A bitter row has broken out between Chief Constable Barrington of Lethmachen’s police force, and senior Social Worker, Ms. Sarah Walsh, over the circumstances surrounding several violent attacks which took place in local Holly Woods.

The row began when Ms Walsh criticised police efforts to find the perpetrator of a recent, brutal attack on schoolgirl Sharon Waite which left the 15-year-old ‘battered and bleeding’, claiming police had “failed to take her [Sharon’s] statement seriously”, “had not learned from past mistakes” and were “still pigheadedly chasing their own tails”.

Chief Constable Barrington responded indirectly at a news conference about the ongoing investigation into Miss Waite’s attack, saying: “I imagine Ms Walsh is referring to the statements recently made by Sharon, and by Alice Grimshaw in the 1968 case of a similar nature, against certain deceased members of this community. I am simply not going to waste police time and tax payers’ money investigating off-the-wall claims made in the heat of the moment by two very confused, traumatised young girls, whose cases are over forty years apart. We have enough on our plates catching and punishing the living,” he added wryly, “without troubling ourselves with the dead as well.” Police are currently looking for an out-of-towner, most likely male and mid-20s, in relation to the attack.

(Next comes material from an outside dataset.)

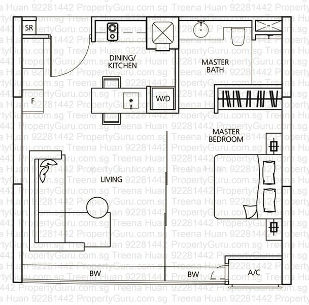 Partially furnished with Fridge, Oven, Microwave, Induction cooker, Washer cum Dryer
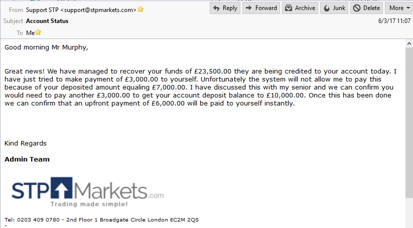 I was advised on 6th. March that they had recovered £23,500.00 but that my account deposit needed to be £10,000.-- A further £3,000.00. At this point the addition of the recovered funds "incurred charges of £380.00 a day". I agreed to settle this - paying for one day. This £3380.00 was sent on 7th March and has cleared according to Charles Matthews. This does not, however appear on my account. I was also assured at this point by email (below) on 6th March that £6,000.00 would be paid to me instantly. |

Chief Const. Barrington has urged Ms Walsh to apologise “fully and unreservedly” for her comments, a call now echoed by local politicians. But far from backing down, Ms Walsh hit back yesterday, telling reporters: “Alicewas brutally beaten and abused, found shivering in her own excrement outside the mouth of Holly Woods. That girl told them what happened and no one listened. They [the police] failed Alice, and now they’re failing Sharon. A male out-of-towner? Please. He [Barrington] is the one chasing phantoms. People need to know the truth,” she added, “that Holly Woods isn’t safe for our children because of dangerous, malignant forces – not ‘out-of-towners’.”

Known for its stunning views, picturesque walks and diverse wildlife, Holly Woods has always been a popular site among ramblers, dog-walkers and those seeking peace and respite. Since the 60s, however, Holly Woods gained a sordid reputation when the first of several known attacks took place. All victims to date have been children or youths aged 16 or below – the first, and youngest – Alice Grimshaw – being just eight at the time. The Grimshaw case was one of the first Ms Susan Walsh ever handled as a junior Child Caseworker, which some feel is perhaps why the most recent incident concerning Sharon Waite has sparked such a vehement reaction in the usually-professional social worker.

Councillor George Braddon has now also called for a full apology from Ms Walsh, saying “I don’t know what possessed her to make such ludicrous statements, but she has brought shame on the town, shame on her profession and shame on herself. The police here do a fine job at maintaining law and order,” he added, “a fact she ought to remember the next time she needs them.” She is currently under indefinite suspension while her comments are investigated. A panel will then meet to discuss the future of her career.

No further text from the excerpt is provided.